Oleh: Arief Musthofifin

F. Schleilmacher (paruh abad ke-19) berhasil mengenalkan Protestanisme Liberal. Dilanjutkan Ernst Troeltsch (teolog Kristen asal Jerman) di awal abad ke-20an memikirkan urgensi sikap pluralis dalam beragama. Lalu, gagasan itu diikuti sejarahwan ternama; William Hocking dan Arnold Toynbee.
Sementara John Hick, Paul F. Knitter, Raimundo Panikkar menjadi tokoh sentral dalam skala internasional sebagai pejuang pluralisme agama. Pendapat-pendapat kritis para pemikir pluralisme yang sering dijadikan pijakan adalah menolak eksklusivisme kebenaran dalam beragama (truth claim).
Begitu banyak dalil disusun untuk mengokohkan pluralisme agama. Baik dalil teologis, rasional, maupun mistis. Di sisi lain, tidak kalah berjubel pula nash yang dicari dan dijadikan legitimasi penolakan dan pengharaman pemikiran yang menyatakan bahwa kebenaran dan jalan keselamatan dalam beragama tidak lah tunggal ini.
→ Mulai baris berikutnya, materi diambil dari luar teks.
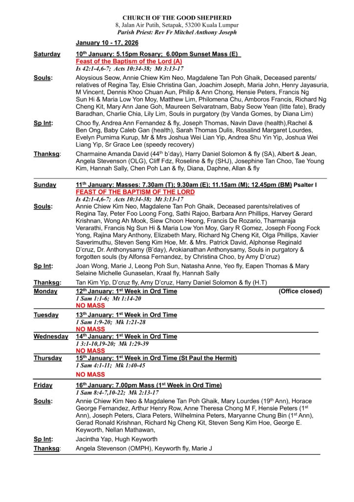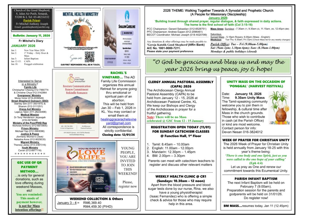 Church Bulletin – 11th Jan Till 17th Jan 2026 By admin | January 10, 2026 Bulletin (E) Jan 11Download Share this: Click to share on Facebook (Opens in new window) Facebook Click to share on X (Opens in new window) X Posted in Church Bulletin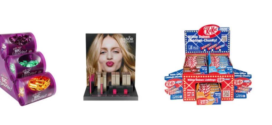Az üzletekben és szupermarketekben gyakorta használnak „értékesítés helyi” displayeket, ezek figyelemfelkeltőek kell, hogy legyenek, és hatékonyan kell közvetítsék a márkaüzenetet.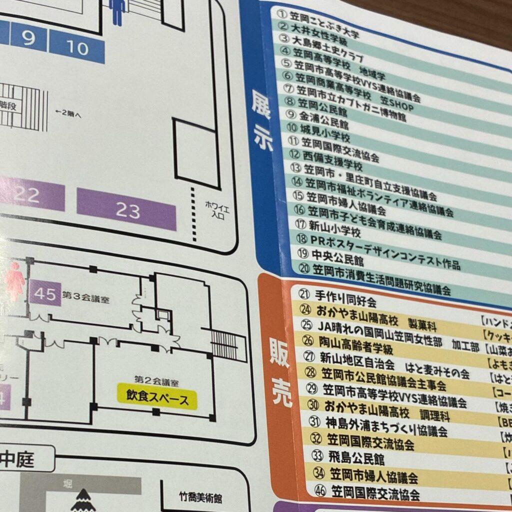 お昼には、笠岡市婦人協議会の温かい「うどん」と、笠岡国際交流協会のスパイシーな「ハラルカレー」をいただき、お腹も大満足です。体験コーナーでは「笠岡手引きの会」のブースへ。
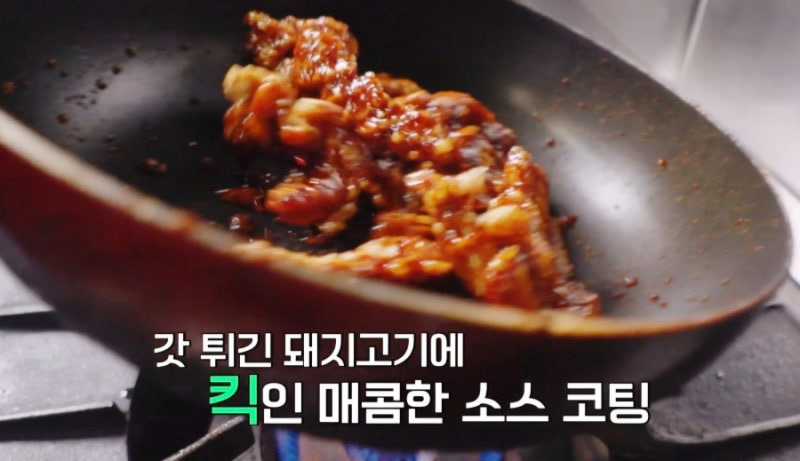 매콤한 소스를 입힌 바삭한 돼지고기 튀김은 매운맛을 좋아하는 분들에게 강력 추천!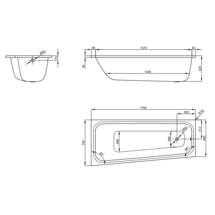 Bette Space S Ванна встраиваемая с шумоизоляцией 170х75х42 см, исполнение левое , цвет: белый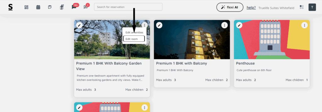 - On room type, click the three-dot menu on the room type to display the following options: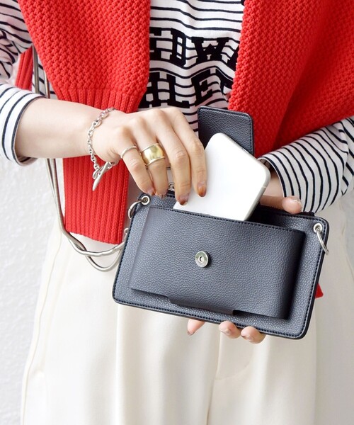 縦型にも横型にもなるマルチモバイルポシェットが《ROVERETO》より登場! 上品で使いやすいデザインのいアイテム。 表側にはスマートフォンが収納可能。ブランドロゴが入ったベルトもポイントになるデザイン。 また、小物を入れられるようにジップがついているので、スマートフォン以外に リップやカギなど細かいアイテムも入れられるので、ポーチやお財布としても◎ ショルダー部分は取り外し可能、取り付け位置によって縦型にも横型にもお使いいただけます。 定番のナチュラルとブラックに加え、コーディネートのポイントにもなるグリーンの3色展開。 幅広いスタイリングで合わせていただけるので、旅行などのおでかけにもおすすめ! ※末永く愛用頂く為に、アテンションタグ・洗濯ネームを必ずご確認の上、着用又はお取り扱い下さい。 ※屋外での撮影画像は、光の当たり具合で色味が多少異なって見える場合があります。商品の色味は、スタジオでの詳細画像をご参照ください。 ※画像の商品はサンプルです。 実際の商品と仕様、加工、サイズが若干異なる場合がございます。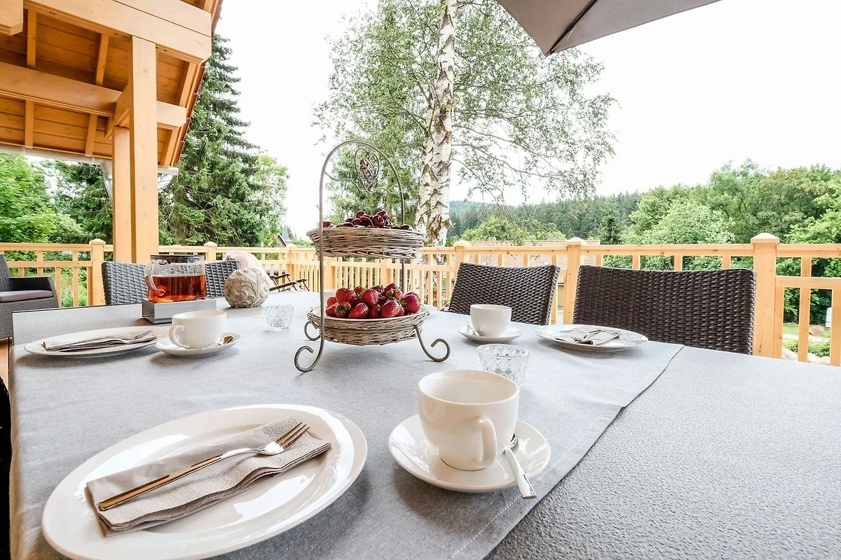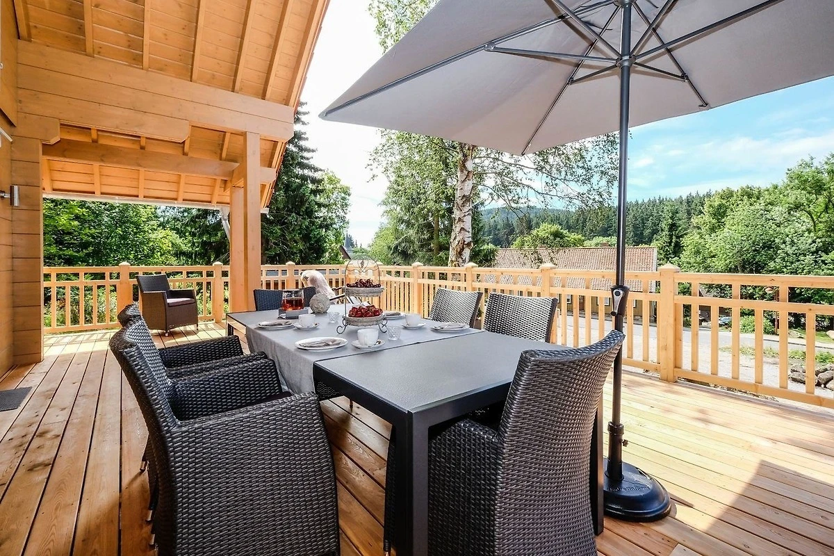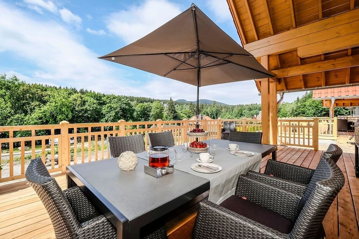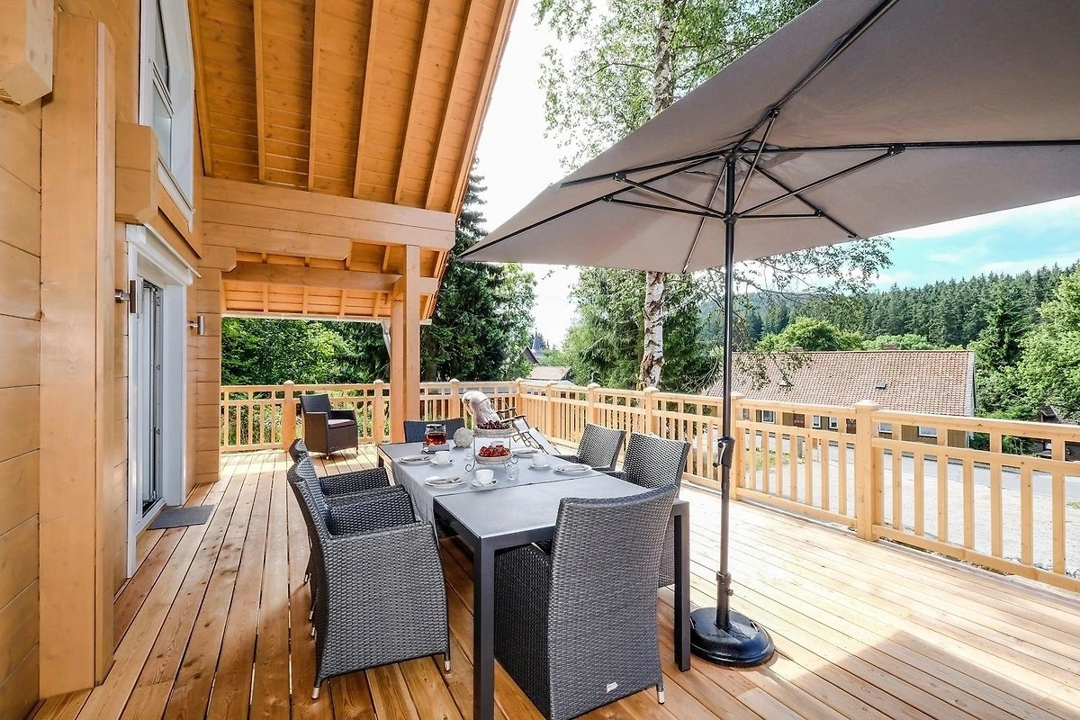 Die 60 qm grosse teilüberdachte nach Süd-West ausgerichtete Panorama-Terrasse mit 3 Meter-Dachüberstand bietet einen einzigartigen Blick auf die Schierker Bergwelt. Im Herbst erinnert die Aussicht mit ihrem Blätter-Farbspiel an den "Indian Summer".
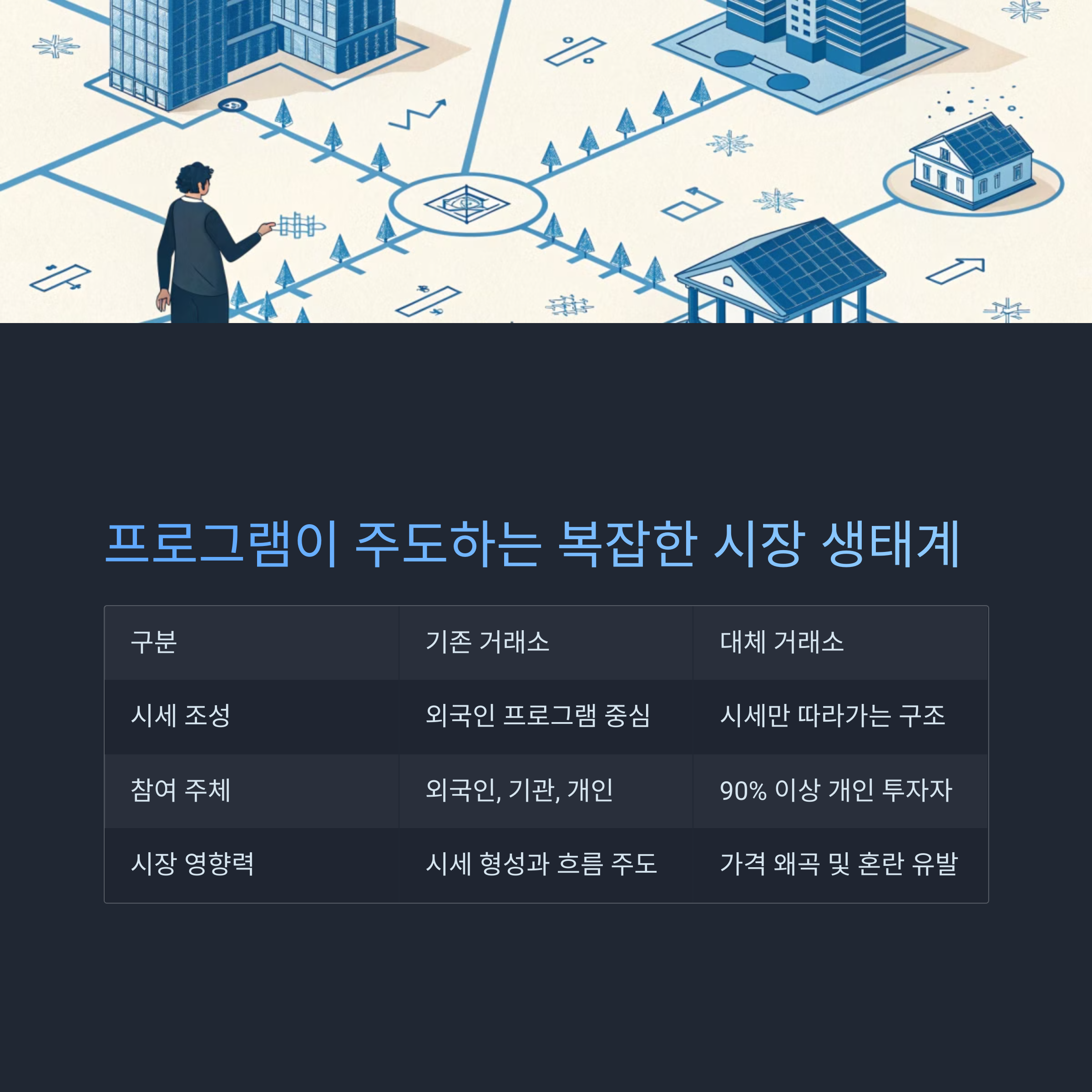 대체 거래소가 잘못된 방향으로 간다면, 결국 외국인도, 프로그램도, 우리도 모두 타격을 입을 겁니다.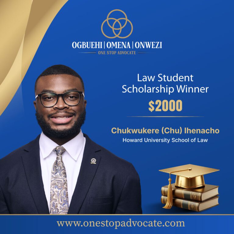We are pleased to announce Chukwukere (Chu) Ihenacho of Howard University School of Law as the recipient of our $2,000 Law Student Scholarship.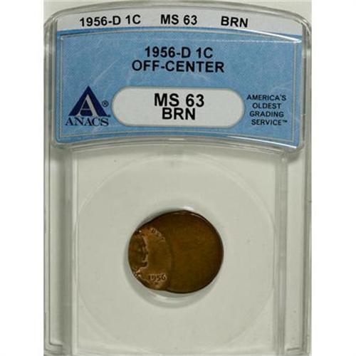 <B>1956-D 1C Cent--Off Center--MS63 Brown ANACS.</B></I> <BR><BR><B>Coin Engraver:</B> Victor D. Brenner<BR><BR><b>Shipping:</b> Coins & Currency (<a target="_blank" href="http://www.heritageauctions.com/common/shipping.php">view shipping information</a>)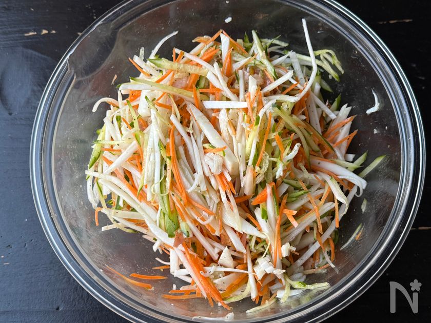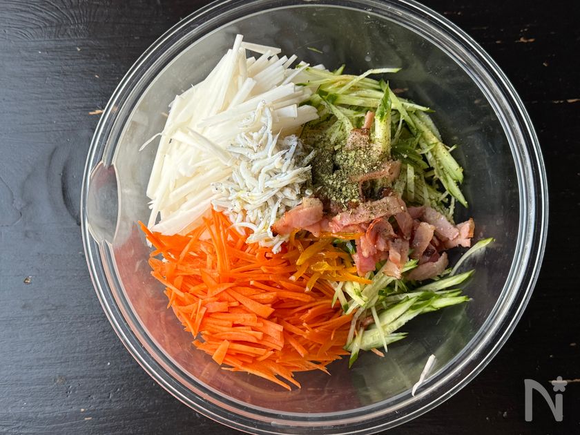 (2) ボウルにかぶ、にんじん、きゅうり、1のベーコン、【A】を入れる。

Namun, kedua kubu mengalami stagnansi pemikiran dalam debat teori yang semakin melangit.
Sedangkan, subaltern –dikenal sebagai masyarakat pinggiran yang hampa pikiran teoritis– ternyata memiliki cara pikir sendiri tentang “pluralisme” agama. Penulis sebut sebagai fenomena “pluralisme kultural”. Yakni, bagaimana subaltern berpikir sederhana dan bersahaja bahwa antar agama-agama tidak perlu dibuat pertentangan atau permusuhan. Tidak ada yang berhak menjamin agama atau aliran kepercayaan tertentu sebagai terbaik.
Baik atau buruk, memberi keselamtan atau kesesatan, bagi subaltern tergantung bagaimana agama berhasil memberi ketenteraman dalam multiaspek kehidupan umat dan sekitarnya. Ketika ada claim bahwa agama tertentu adalah terbaik, namun dalam kenyataannya tidak bisa menyelesaikan problem sosial di konteksnya, sama halnya agama tersebut tidak baik. Artinya, baik atau tidak baik, benar atau tidak benar suatu agama harus diuji secara empiris.
Pendapat-pendapat sederhana dan kontekstual semacam itu kerap penulis jumpai dari masyarakat subaltern selama live in sebulan lebih di salah satu daerah pedalaman Temanggung-Jawa Tengah. Kristen, Budha, Islam, dan aliran kepercayaan merupakan keimanan yang dianut masyarakatnya. Sedangkan Islam menjadi minoritas setelah Kristen dan Budha.
Pluralisme agama dalam komunitas masyarakat yang agamanya begitu beragam itu justru bukan barang baru dan tidak dijadikan debatable. Pluralisme agama terjadi dengan sendirinya tanpa mereka tahu konsep teoritis pluralisme dan berbagai legitimasinya. Maka, tidak heran jika kita jumpai angota satu keluarga belain-lainan agama.
Misalnya, ayah dan ibunya beragama Budha, putra dan putrinya beragama Budha, Kristen, atau Islam. Ritual keagamaan pun demikian unik. Contohnya, hari Ahad tidak sedikit pula pemeluk non-Kristen yang ikut datang ke Gereja, di hari lain turut serta ke Vihara.
Dalam do’a suatu acara khitanan atau pernikahan digunakan versi Islam juga pemujaan ala Budha. Diwaktu anak masih kecil belajar Islam, saat remaja memeluk Kristen, dan tuanya beragama Budha, misalnya, menjadi fenomena lumrah. Sedangkan mereka tetap damai tinggal satu atap tanpa rebut-ribut soal agama.
Mereka begitu damai dengan sifat kekeluargaan kental. Anak atau anggota keluarga lainya dibebaskan mengikuti agama apapun sesuai kehendak pribadi. Yaitu, memilih agama yang bisa menjadi solusi masalah-masalah kemanusiaan. Dalam kondisi ini, para missionaries perlu bersaing sehat mempromosikan agamanya dengan bukti-bukti kebaikan dan keunggulan agama yang tidak sekadar retorik-teoritik. Tetapi, bisa dibuktikan dalam praktik di konteksnya.
Justru ketika pastor, pendeta, bikhu, ulama, kiai, atau agamawan lain menawarkan jalan keselamatan dan kebaikan hanya ada pada agamanya (truth claim), bisa dijamin tatanan “pluralisme kultural”, kedamaian, kekeluargaan, dan gotong-royong di masyarakat yang santun itu akan bubar. Porak poranda. Hanya tersisa permusuhan, pertikaian, pertumpahan darah, dan perang antar pemeluk agama. Apakah agama model demikian pilihannya?